The cost of siloed GEO: Misinformation and reputational risk

GEO’s lack of clear ownership is already having tangible consequences. AI search was cited by leaders as the most structurally siloed channel in the organisation, and for 77% of respondents, these silos caused significant problems in the last 12 months. This has included a slower response to issues, conflicting messages across channels, and AI tools amplifying yesterday’s problems instead of today’s narratives. The risk is compounded by the speed at which AI-generated misinformation can spread. One in four leaders reported that incorrect, inconsistent or outdated brand information has already appeared in AI answers.

“Reputation used to be managed channel by channel, but AI search has changed the rules. Because these systems read across everything – earned coverage, on-site content, social signals, and search authority – siloed marketing and communications are quietly muting your AI visibility,” said Tom Telford, Sefiani and Clarity Global’s Chief Digital Officer.

“When your channels don’t tell the same story, or teams are chasing independent KPIs with separate budget pots, these silos also become a major reputational liability. It is only when functions are truly connected that the models become trained on a consistent brand message and compound visibility across AI services over time. This is the crux of GEO, Generative Engine Optimisation, and done well it becomes the multiplier on everything you already invest in brand, PR and digital.”

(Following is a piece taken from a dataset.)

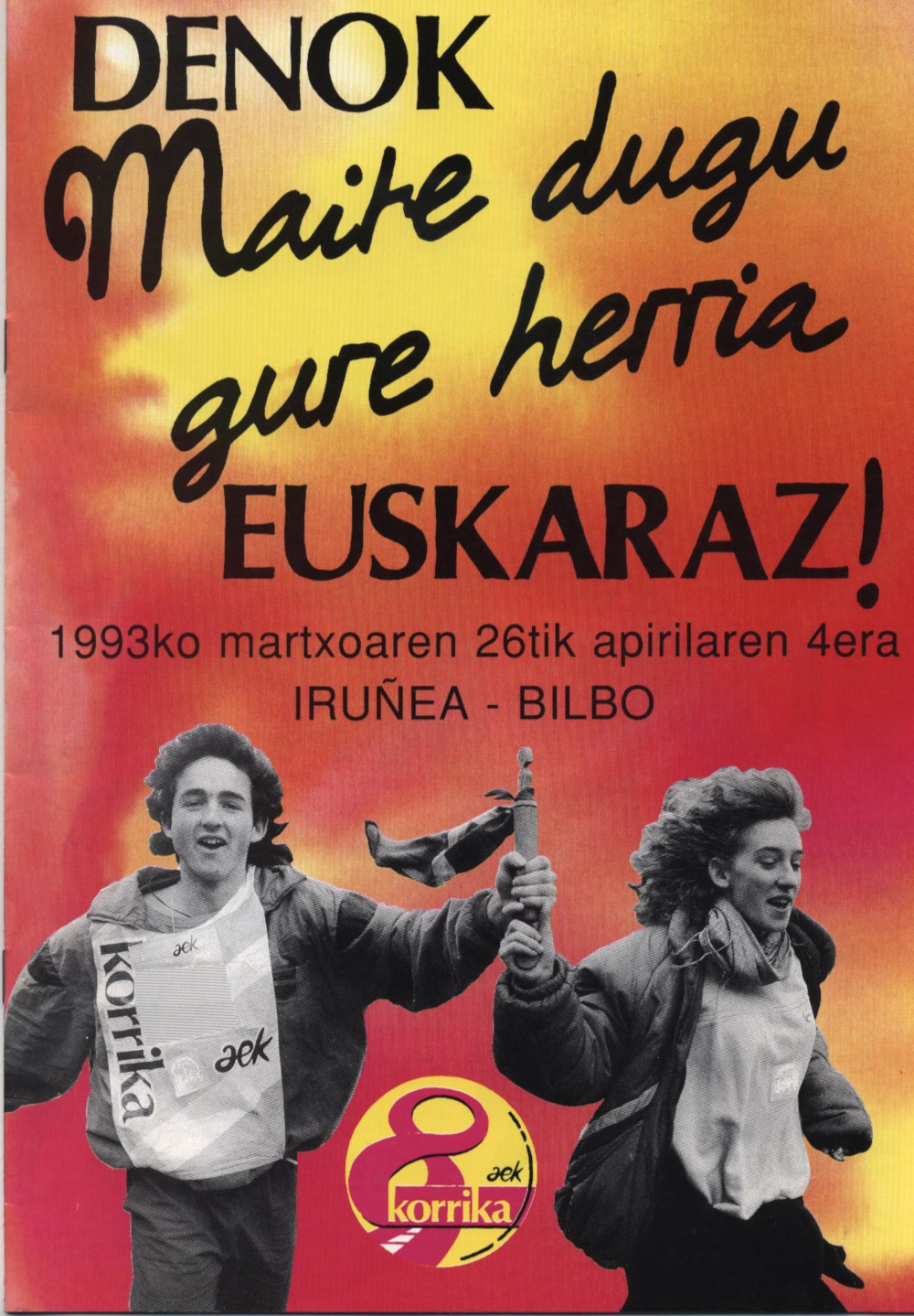 Korrikaren 8. edizioa 1993ko martxoaren 26an hasi zen Iruñean, eta, 2.120 km egin ostean, apirilaren 4an bukatu zen Bilbon, “Denok maite dugu gure herria euskaraz” lelopean; Joxemi Zumalabe izan zen mezuaren egilea. Omendua, ostera, Martin Ugalde kazetari eta idazle andoaindarra izan zen; hala,

The ‘Citations Race’: PR and earned media take centre stage

The shift toward AI-first discovery is also changing budget priorities. Nearly half (49%) of leaders surveyed have already allocated 5-10% of their marketing and communications budgets to AI visibility, with 90% of that spend being reallocated from traditional channels like paid digital and brand. A further 30% report allocating up to 20% of their budgets, signalling that AI visibility is rapidly moving from experimentation into a defined budget line.

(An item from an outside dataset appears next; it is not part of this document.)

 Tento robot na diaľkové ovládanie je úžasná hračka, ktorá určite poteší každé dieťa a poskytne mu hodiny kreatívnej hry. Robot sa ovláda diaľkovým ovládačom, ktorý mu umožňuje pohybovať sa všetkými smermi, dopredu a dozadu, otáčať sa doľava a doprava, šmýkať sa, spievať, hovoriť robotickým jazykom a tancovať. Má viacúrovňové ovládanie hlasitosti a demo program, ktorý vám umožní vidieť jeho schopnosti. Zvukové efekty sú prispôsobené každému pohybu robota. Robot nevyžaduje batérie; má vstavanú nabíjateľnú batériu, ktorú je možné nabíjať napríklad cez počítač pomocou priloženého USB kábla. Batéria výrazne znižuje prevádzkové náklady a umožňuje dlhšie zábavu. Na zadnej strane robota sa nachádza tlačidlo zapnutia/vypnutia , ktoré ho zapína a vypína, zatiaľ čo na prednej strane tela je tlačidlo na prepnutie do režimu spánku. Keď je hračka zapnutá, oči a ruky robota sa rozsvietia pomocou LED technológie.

With more than 95% of sources cited by AI engines being non-paid, Gartner predicts PR and earned. For communications leaders this elevates earned media into being a critical foundation for how brands are discovered, compared and recommended in AI environments.

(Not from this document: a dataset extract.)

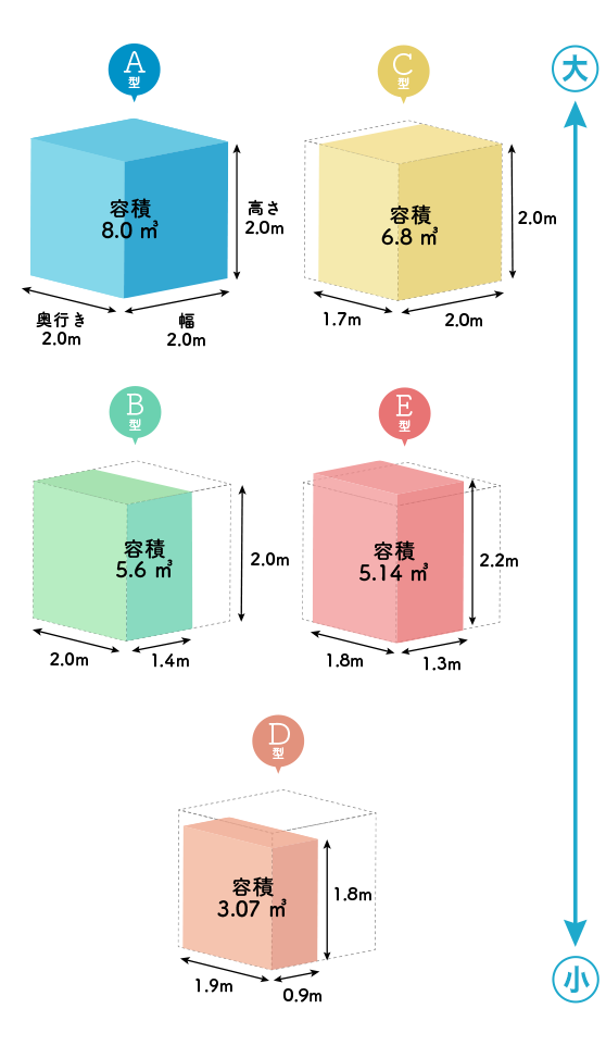 テツソーではA型~E型の5つのコンテナサイズをご用意しています。(外寸サイズ)

Read also: One in ten Australians unable to contact Triple Zero due to mobile outages

Mandy Galmes, Managing Partner, Australia at Sefiani, said, “When LLMs answer a question in your category, they’re drawing overwhelmingly on non-paid, third party sources. If your spokespeople, experts, case studies and proof points aren’t in those sources, you’re invisible at a key moment in the buyer journey.”

Closing the Visibility Gap

Sefiani’s proprietary AI visibility monitoring tool, Surfacd, allows brands to track, benchmark, and improve how they appear across platforms including, but not limited to, ChatGPT, Perplexity, Gemini, and Google’s AI Overviews. But data alone doesn’t solve the silo challenge. Sefiani’s GEO consultancy service uses this intelligence to create strategies uniting teams and channels under common goals and KPIs, and integrated marketing and communications plans that recognise machines as key stakeholders to influence.

“Surfacd is unlocking the black box of AI search for Australian organisations,” said Mandy Galmes, Managing Partner – Australia at Sefiani.

“It provides the data that marketing and communications teams need to own the answers, and ensure they are consistently included when AI tools discuss their category. Combining this with the reputational consultancy Sefiani is famous for means we can support brands to shape their category’s AI responses and help concentrate efforts where they will generate the greatest momentum.”